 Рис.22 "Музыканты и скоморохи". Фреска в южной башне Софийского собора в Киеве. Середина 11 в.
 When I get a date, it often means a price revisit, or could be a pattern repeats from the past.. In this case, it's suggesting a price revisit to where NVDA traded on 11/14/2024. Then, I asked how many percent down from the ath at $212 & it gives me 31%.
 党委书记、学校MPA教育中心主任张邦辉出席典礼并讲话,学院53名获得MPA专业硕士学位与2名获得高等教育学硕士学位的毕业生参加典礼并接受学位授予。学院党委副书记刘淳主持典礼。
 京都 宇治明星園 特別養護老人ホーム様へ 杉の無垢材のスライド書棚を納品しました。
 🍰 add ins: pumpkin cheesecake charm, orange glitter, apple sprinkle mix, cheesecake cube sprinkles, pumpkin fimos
...
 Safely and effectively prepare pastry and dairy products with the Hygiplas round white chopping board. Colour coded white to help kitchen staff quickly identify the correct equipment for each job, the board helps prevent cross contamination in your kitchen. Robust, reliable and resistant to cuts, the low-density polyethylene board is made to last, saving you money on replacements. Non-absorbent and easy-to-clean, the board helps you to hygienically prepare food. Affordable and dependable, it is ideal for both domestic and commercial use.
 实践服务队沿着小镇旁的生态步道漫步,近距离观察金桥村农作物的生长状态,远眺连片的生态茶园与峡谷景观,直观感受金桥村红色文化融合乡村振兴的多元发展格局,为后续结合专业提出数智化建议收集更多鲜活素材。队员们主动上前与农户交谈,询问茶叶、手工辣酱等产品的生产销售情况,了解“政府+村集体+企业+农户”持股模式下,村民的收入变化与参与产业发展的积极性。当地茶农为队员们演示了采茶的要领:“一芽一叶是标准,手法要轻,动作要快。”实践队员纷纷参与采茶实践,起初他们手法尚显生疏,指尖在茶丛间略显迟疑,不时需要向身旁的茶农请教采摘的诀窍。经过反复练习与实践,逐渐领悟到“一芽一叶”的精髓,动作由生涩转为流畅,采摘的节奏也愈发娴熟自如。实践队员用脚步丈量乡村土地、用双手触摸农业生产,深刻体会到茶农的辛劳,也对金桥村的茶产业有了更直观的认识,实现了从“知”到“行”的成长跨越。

* _EXERCISE DESCRIPTION_:
Using the entries above, repeat only the lines from the one containing "党委书记、学校MPA教育中心" through the one containing "sprinkles, pumpkin fimos", end lines included.

* _ANSWER_:
 党委书记、学校MPA教育中心主任张邦辉出席典礼并讲话,学院53名获得MPA专业硕士学位与2名获得高等教育学硕士学位的毕业生参加典礼并接受学位授予。学院党委副书记刘淳主持典礼。
 京都 宇治明星園 特別養護老人ホーム様へ 杉の無垢材のスライド書棚を納品しました。
 🍰 add ins: pumpkin cheesecake charm, orange glitter, apple sprinkle mix, cheesecake cube sprinkles, pumpkin fimos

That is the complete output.